Filterer FAQ
What kind of problem is Filterer best for?
Filterer is best when the primary task is to keep, remove, or isolate Records based on clear business Rules.
If the main question is "which Records belong in the output?", Filterer is usually a strong fit.
What is the difference between filtering and cleaning?
Filtering decides which Records stay in scope.
Cleaning fixes how values are formatted or standardized.
If your source values are too inconsistent to filter reliably, clean them first and then apply Filterer.
Does Filterer change values?
No. Filterer decides which Records are included in the output. It does not standardize, replace, mask, validate, or otherwise change Field values.
Does Filterer remove or reorder Fields?
Filterer screens do not provide a Field keep/drop/reorder step. Filterer preserves the input Fields in the output and focuses on Record selection.
Use a mapping or restructuring Tool first if the output Field layout needs to change.
Should I start with a small sample File?
Yes. A small, representative sample is usually a practical way to confirm that the Rules behave as intended.
Your sample should include Records that should be kept, Records that should be removed, and realistic edge cases such as blanks or boundary dates.
How narrow should a Filterer Configuration be?
Narrower is usually better.
A Configuration should solve one clear problem well. If one setup tries to support several unrelated outcomes, it becomes harder to test and easier to misuse.
Can I reuse the same Configuration later?
Yes. That is one of the main benefits of saving a Configuration.
A well-named, well-tested Configuration helps make recurring work more consistent across time and across team members.

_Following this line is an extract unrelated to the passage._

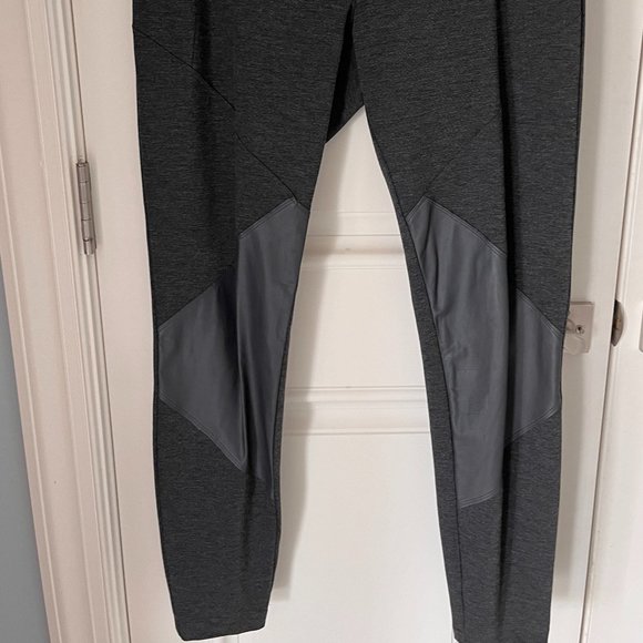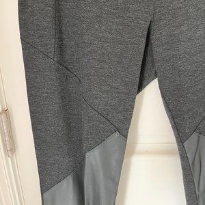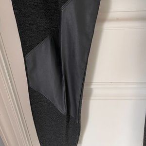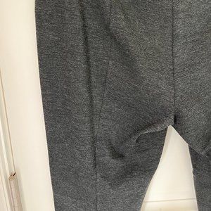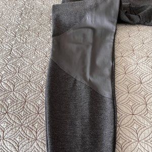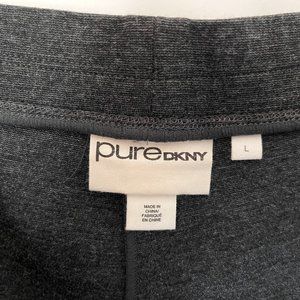 Dark gray Pure DKNY pull on pants with detailed diagonal stitching and gray faux leather inserts. Elasticized waist, plain back with seaming size L. Slim

How should I name a Configuration?
Name it by business purpose, not by Tool or date alone.
Good examples:
- Open Cases for Weekly Review
- Exclude Test Records Before Customer Export
- Current Month Transactions for Finance
What should I review after a Run?
Review representative kept Records, representative removed Records, and any boundary cases that matter to the workflow.
Also check whether Rows output, Rows removed, and Problems make business sense.
What if the output looks too large or too small?
Treat that as a signal to investigate before sharing the result downstream.
Common causes include using the wrong input version, selecting the wrong Configuration, setting the wrong default behavior, ordering Rules incorrectly, or relying on source Fields that contain unexpected values.
What should I do if one Record behaved unexpectedly?
Start with that specific Record.
Check the source values in the Fields used by the Configuration, confirm that the correct Configuration was selected, review the default behavior, and test again on a small sample that includes the Record.
Should I build one "master" Configuration for everything?
Usually no.
Most teams get better results from several focused Configurations than from one large Configuration trying to handle every possible scenario.
How do I handle blanks or unusual values?
Plan for them explicitly.
During testing, include Records with blanks, unexpected categories, unusual dates, or other real-world variations that might affect the Rule outcome.
What if the business Rule changes later?
Update the Configuration intentionally and retest it on representative data.
Do not assume that a previously correct setup still matches the new Rule without validation.
When should I use another Tool first?
Use another Tool first when the source data must be cleaned, deduplicated, validated, mapped, or reshaped before the Record-selection logic is ready to review.
Is Filterer only for removing Records?
No. Filterer can be used to:
- keep a desired subset
- remove unwanted Records
- isolate a population for review, export, or a downstream step
The common thread is that the main task is deciding which Records belong.
What is the best way to make Configurations easier for teammates to understand?
Use clear names, keep the purpose narrow, document the business intent briefly, and avoid unnecessary complexity in the Rule design.
What if I am not sure Filterer is the right Tool?
Return to the question: "Am I trying to choose which Records belong, or am I trying to fix, validate, map, or reshape the data first?"
If the main task is Record selection, Filterer is likely the right place to start.